The hi-hats are crusty, but crisp enough to cut through the hazy, muggy soundscapes of tunes like ‘Elite’ and ‘Hands On’ – the albums’ slow-burning, emotionally affecting Hazyville-esq centrepiece or the heavily arpeggiated dreamscapes of ‘No Gravity’. The drums drive the tracks forward in a streamlined fashion, with tunes like the weirdly, fascinating ‘Stars’ resolving its stomping dancefloor friendly nature around what sounds like a 1950s swing record’s repeating, rhythmical vocal sample, that breaks down in an extremely bizarre and off-beat pad based fashion. In essence, design and construction, the whole album is pleasing to both dancers and headphone jockeys alike. Whether you could mix it though is a different question entirely.

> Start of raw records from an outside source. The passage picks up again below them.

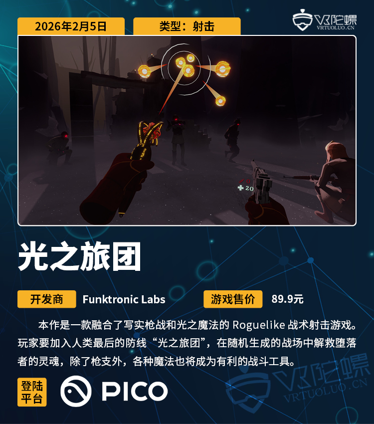 本周PICO平台迎来一波强势更新。《光之旅团》(The Light Brigade)最初于2023年2月问世,经过两年多的更新优化趋于完善,如今终于由影核引进发行。该作曾荣获TGA 2023“最佳VR/AR游戏”提名、PlayStation Blog 2023“年度PS VR2游戏”提名等诸多奖项,确实是一款优质的VR射击佳作。
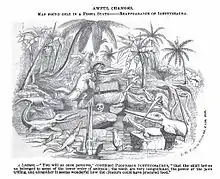 The discovery of a hitherto unsuspected extinct group of large marine reptiles generated much publicity, capturing the imagination of both scientists and the public at large. People were fascinated by the strange build of the animals, especially the large scleral rings in the eye sockets,[19] of which it was sometimes erroneously assumed these would have been visible on the living animal. Their bizarre form induced a feeling of alienation, allowing people to realise the immense span of time passed since the era in which the ichthyosaur swam the oceans.[20] Not all were convinced that ichthyosaurs had gone extinct: Reverend George Young found a skeleton in 1819 at Whitby; in his 1821 description, he expressed the hope that living specimens could still be found.[21] Geologist Charles Lyell to the contrary, assumed that the Earth was eternal so that in the course of time the ichthyosaur might likely reappear, a possibility lampooned in a famous caricature by De la Beche.
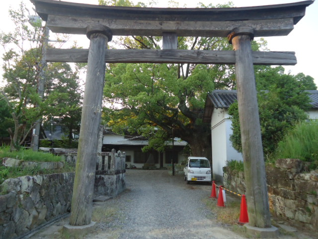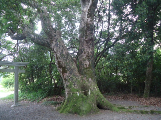| 14:38 田中神社 和歌山県西牟婁郡上富田町岡 その名の通り、水田の少ない熊野では珍しい、田の中にある神社。 この神社は昔、田中神社から6kmほど上流にある岡川八幡神社の上手の倉山という山から大水のときに森全体が流れ着いたのだと伝えられています。 森全体ではなく、御神体か社殿が流れ着いたのだろうという解釈もできるでしょうが、森全体が流されたとしたら、ものすごい大洪水です。 世界的博物学者の南方熊楠により名付けられた「オカフジ」に覆われた小さな森の中に神社が経っています。この森は昭和31年に県の天然記念物の第1号として指定されました。 〜 説明板から〜 |
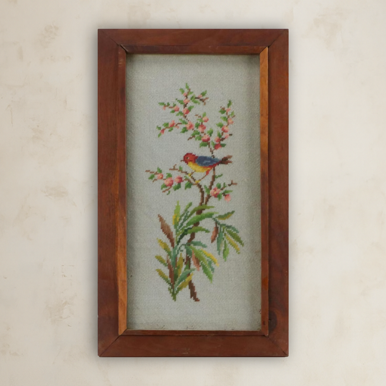 A delicate symphony of thread and artistry, this exquisite framed needlepoint evokes the timeless elegance of 19th-century craftsmanship. Every stitch of the vibrantly plumed songbird—perched serenely among blooming spring branches—whispers of pastoral tranquility and poetic refinement. The hand-embroidered tableau, executed with precision and grace, reveals a masterful eye for color and composition. It is more than textile—it is a portrait of nature’s tender voice, preserved through the hands of a devoted artisan. The rustic wooden frame, with its warm patina, cradles the work with understated nobility, drawing the eye inward to its radiant center.

The album as mentioned is superb in its morose cogent nature, with the tunes slipping deftly into other in terms of sound palette and mood – the atmosphere created, generally of longing and nostalgia and good yet clouded memories. There are however moments of pure creeping menace evidenced by penultimate number ‘Rings’ a tune that utilises a spider like, rubbery bassline, with sci-fi drones hits and horror movies string samples playing off against and alongside the tortured, heavily effected vocals of Charlie Tappin.

The spectre of the London bass music scene and the history that proceeds it is clearly on show throughout the album also: the general feeling of dread present , the skippy nods to UK garage and the heavily reverberated tips of the hat to dubstep on a few of the beats, atop the heavily, smoke addled soundscapes all add to the uniqueness of Moiré’s sound. The subdued reese like bass on ‘Attitude’ shows its respect to the city’s jungalist and DnB past and the album’s rubbery basslines and simple toned synth lines pay homage to hardcore’s sweaty, techno leaning beginnings.

All things said, Shelter is an extremely well thought out, well-executed slab of shadowy British dance music and one of my favourite albums released so far this year. And at only 18 months into his career, Moiré can only get better right?